Mario Viboux a rédigé un guide de pêche pour les jeunes, dans lequel il a récrit les « dix commandements du coureur des bois ». Le cinquième, par exemple, stipule : « tu prêteras assistance à quiconque est dans le besoin. » Traduit pour les adolescents, cela donne : « Dans le bois, quand tu vois que quelqu'un est dans la marde, aide-le. Sinon, c'est vraiment chien. » En forêt ou à Verdun, des jeunes de Point de mire ont parfois été dans le besoin. Peut-être surtout à l'école, dont la moitié de leurs amis ont déjà décroché. Même Julie la courageuse avoue avoir de graves difficultés. « Plus nulle que moi, tu meurs », dit-elle sérieusement. Serait-ce parce qu'elle travaille jusqu'à 35 heures par semaines dans un commerce de restauration rapide ? « Tu "rushes", mais on dirait que tu t'habitues », répond Julie. Comment fait-elle ? « Si un cours n'est pas important -- par exemple celui de morale --, je tombe endormie. Tout le monde fait ça. » La pêche lui a peut-être malgré tout appris ce que ses professeurs de morale n'ont pas pu lui transmettre. Car, soutient-elle, « je veux avoir un but dans la vie, je ne veux pas rester chez moi à attendre mon chèque d'allocations familiales ».

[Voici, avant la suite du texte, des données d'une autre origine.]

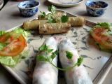 私たちが選んだのは生春巻きと揚げ春巻きと花にらと牛肉の炒め物、茄子のにんにくの油焼き、豆腐とニラのスープ、それに白いごはんが付いていました。
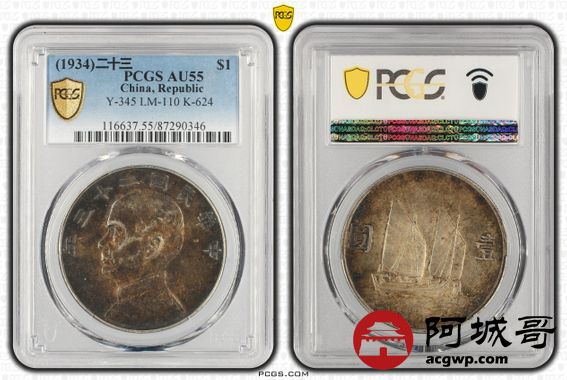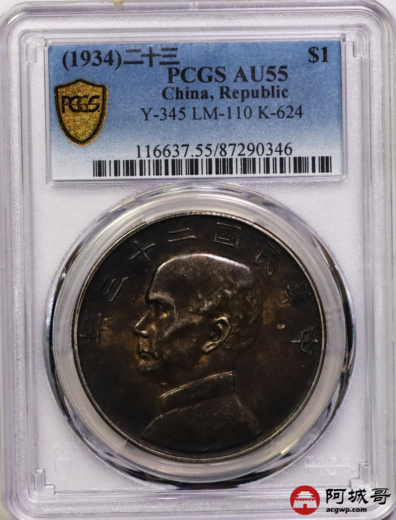 Lot:5 入骨酱黑老包浆 二十三年船洋 PCGS AU55
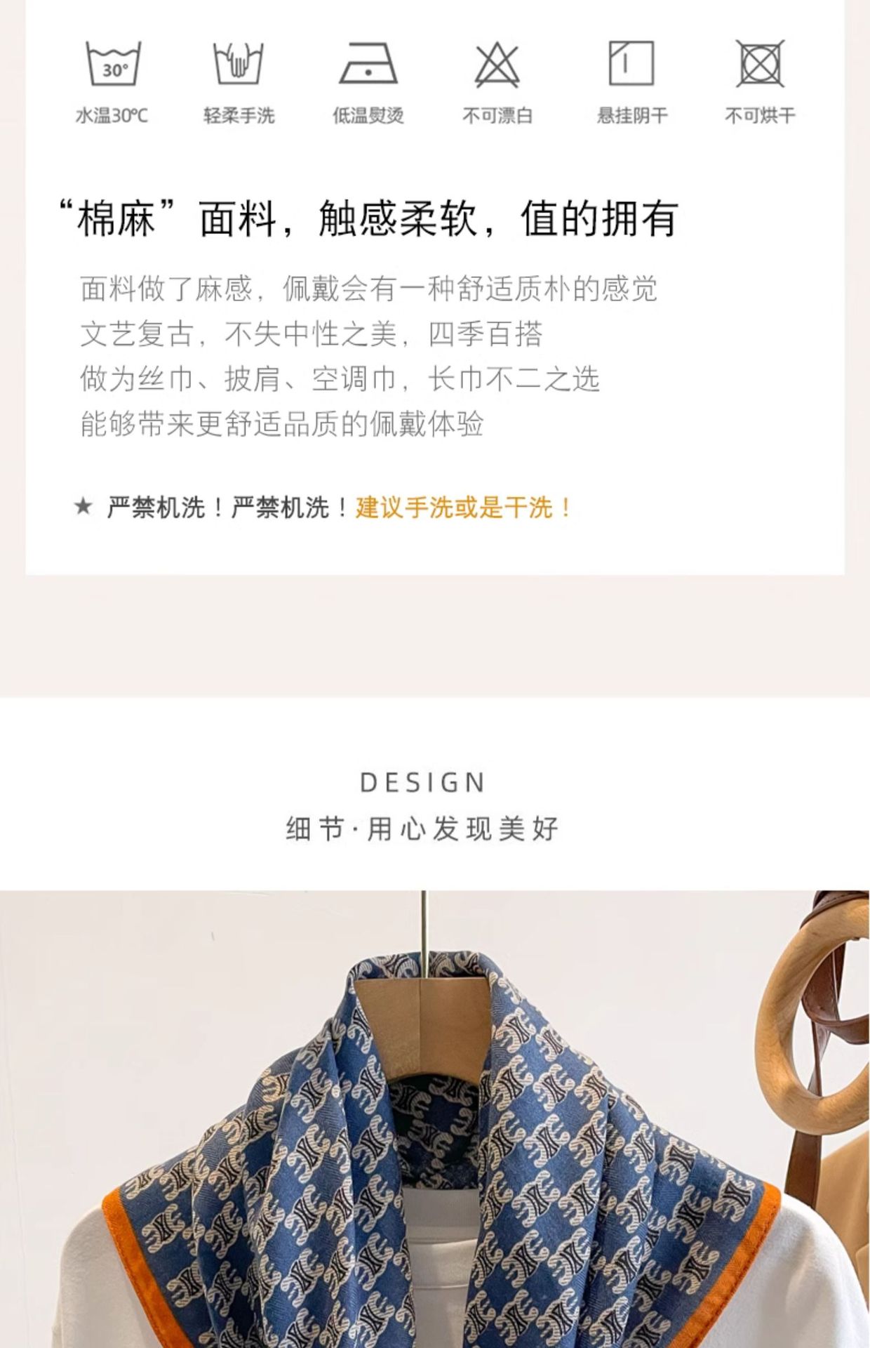 70黑白色腰果花棉麻小方巾丝巾女款春秋冬季围脖子领巾高级感围巾

Jean-François Beaudry, 17 ans, a lui aussi de sérieuses difficultés à l'école. Lunettes orange, tête soigneusement décoiffée, il dit avoir décidé de finir sa 5e secondaire une fois pour toutes. Pas à Repentigny, où ses parents viennent de s'installer. Mais à Verdun. Ce n'est certes pas un coin où il y a beaucoup de poissons, mais on peut toujours y faire confiance aux « coureurs des bois ».